→ **TASK**
Transcribe every line from the one containing "Την ώρα που" to the end of the listing, exactly as written, and leave out the pictures.

→ **AVAILABLE DATA**
■ ■ ■

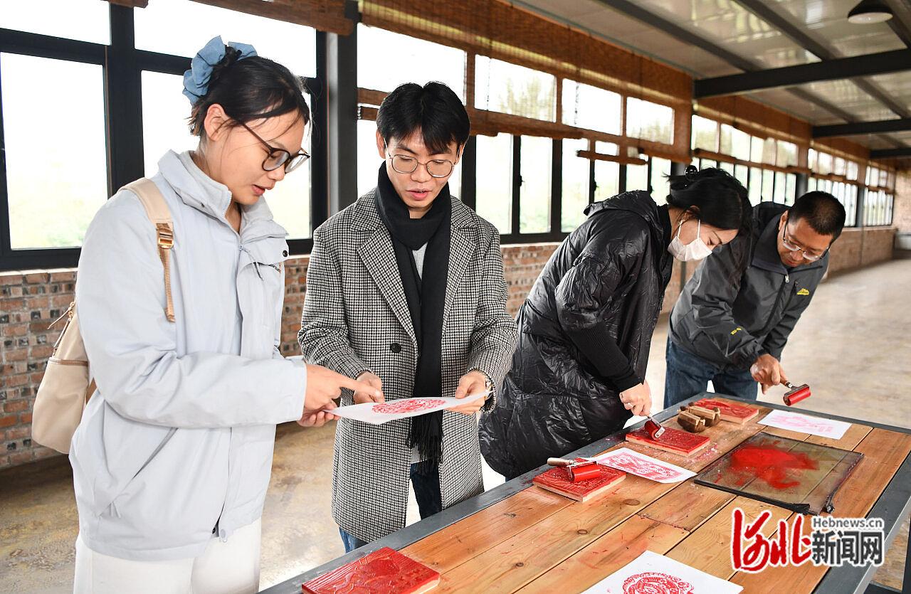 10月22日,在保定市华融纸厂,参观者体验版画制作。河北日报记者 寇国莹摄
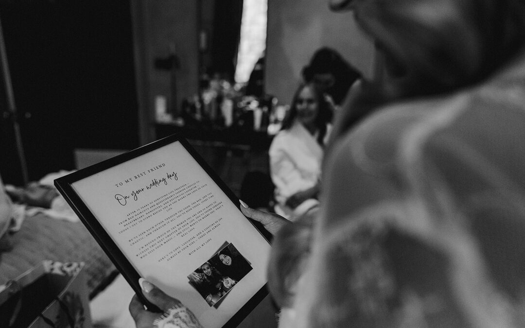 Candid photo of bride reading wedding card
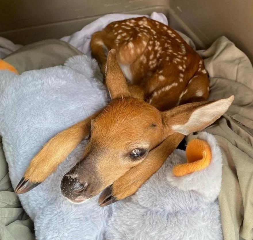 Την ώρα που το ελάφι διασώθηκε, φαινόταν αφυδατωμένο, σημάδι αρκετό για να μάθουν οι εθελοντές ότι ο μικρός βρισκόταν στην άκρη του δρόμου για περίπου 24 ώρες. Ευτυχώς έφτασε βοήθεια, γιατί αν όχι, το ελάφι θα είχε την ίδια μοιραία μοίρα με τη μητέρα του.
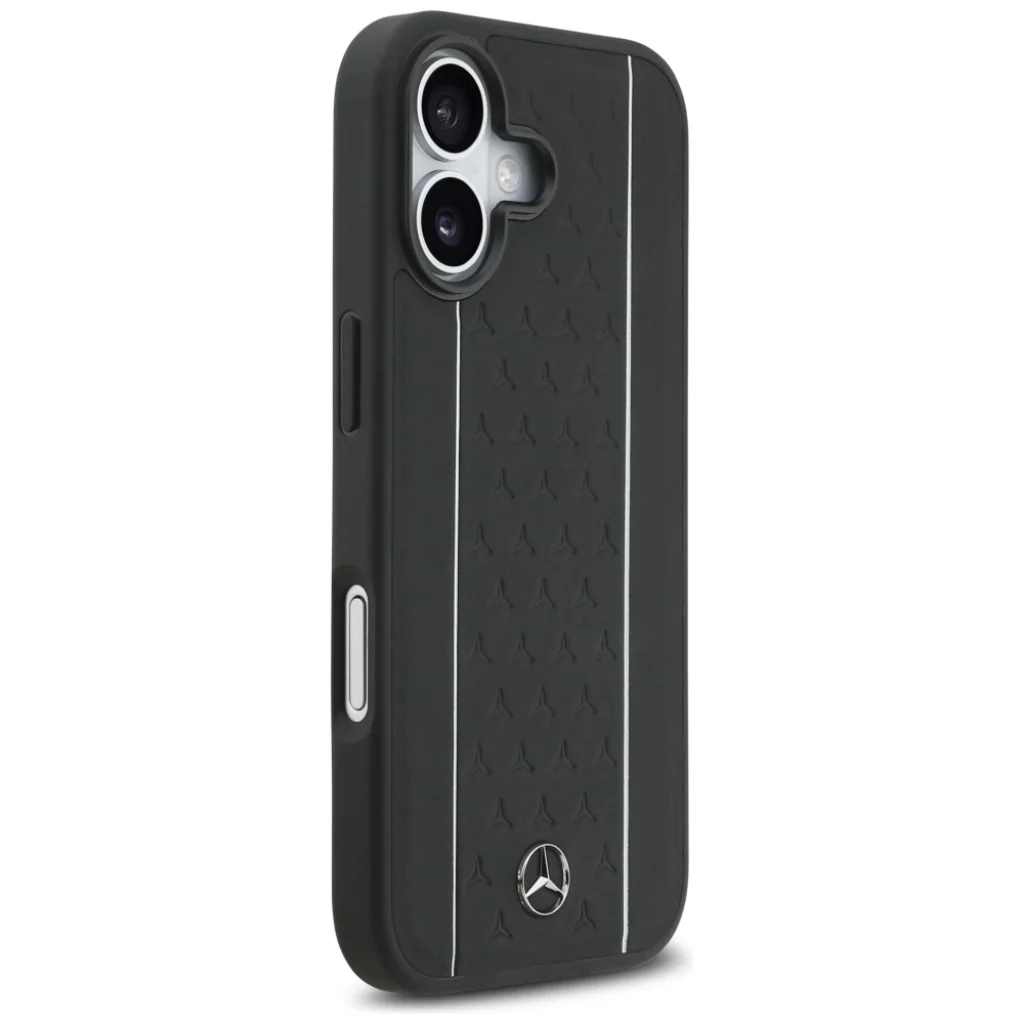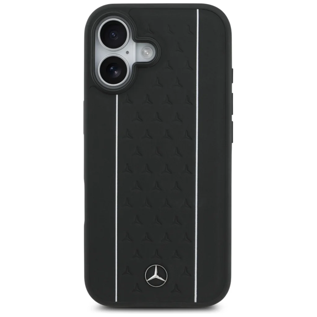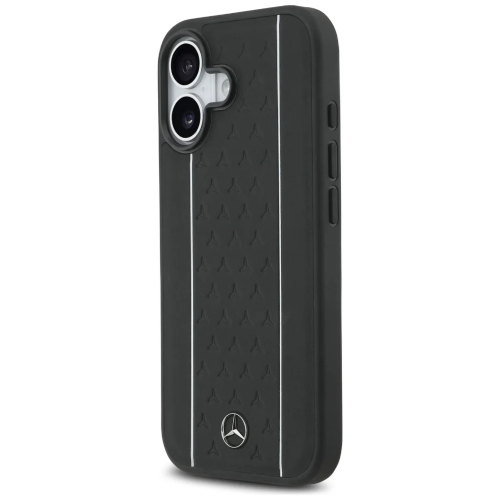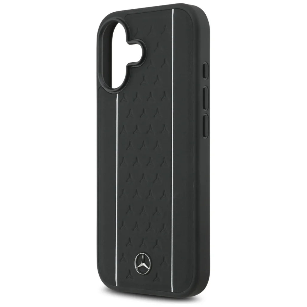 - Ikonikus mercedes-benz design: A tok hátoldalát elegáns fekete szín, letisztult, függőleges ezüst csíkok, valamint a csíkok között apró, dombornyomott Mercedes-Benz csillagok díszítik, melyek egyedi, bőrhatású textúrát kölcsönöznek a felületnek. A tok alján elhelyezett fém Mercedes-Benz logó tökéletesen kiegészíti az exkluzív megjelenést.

■ ■ ■

→ **SOLUTION BELOW**
 Την ώρα που το ελάφι διασώθηκε, φαινόταν αφυδατωμένο, σημάδι αρκετό για να μάθουν οι εθελοντές ότι ο μικρός βρισκόταν στην άκρη του δρόμου για περίπου 24 ώρες. Ευτυχώς έφτασε βοήθεια, γιατί αν όχι, το ελάφι θα είχε την ίδια μοιραία μοίρα με τη μητέρα του.
 - Ikonikus mercedes-benz design: A tok hátoldalát elegáns fekete szín, letisztult, függőleges ezüst csíkok, valamint a csíkok között apró, dombornyomott Mercedes-Benz csillagok díszítik, melyek egyedi, bőrhatású textúrát kölcsönöznek a felületnek. A tok alján elhelyezett fém Mercedes-Benz logó tökéletesen kiegészíti az exkluzív megjelenést.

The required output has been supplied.